Listed entries Start Marker
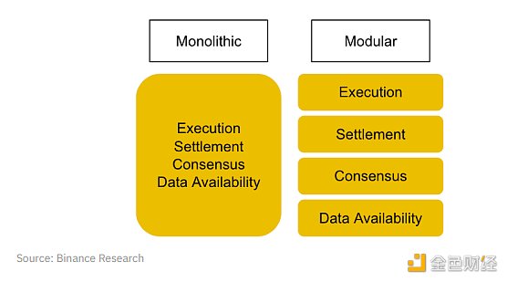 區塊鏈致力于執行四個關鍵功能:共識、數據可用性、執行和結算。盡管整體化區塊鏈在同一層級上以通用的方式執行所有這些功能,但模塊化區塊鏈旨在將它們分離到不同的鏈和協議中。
Listed entries End Marker
Listed entries Start Marker
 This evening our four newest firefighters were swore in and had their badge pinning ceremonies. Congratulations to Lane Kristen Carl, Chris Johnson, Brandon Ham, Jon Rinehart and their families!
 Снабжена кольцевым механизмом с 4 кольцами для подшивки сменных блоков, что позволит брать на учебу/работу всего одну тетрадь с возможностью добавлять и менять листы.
Listed entries End Marker
Listed entries Start Marker
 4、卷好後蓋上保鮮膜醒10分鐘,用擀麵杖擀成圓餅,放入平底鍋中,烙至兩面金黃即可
Listed entries End Marker
Task = Where the listing above reaches the line that contains "This evening our", start retyping, and finish with the line that contains "Снабжена кольцевым механизмом"; reproduce those lines exactly and no others.

Exercise solution =
 This evening our four newest firefighters were swore in and had their badge pinning ceremonies. Congratulations to Lane Kristen Carl, Chris Johnson, Brandon Ham, Jon Rinehart and their families!
 Снабжена кольцевым механизмом с 4 кольцами для подшивки сменных блоков, что позволит брать на учебу/работу всего одну тетрадь с возможностью добавлять и менять листы.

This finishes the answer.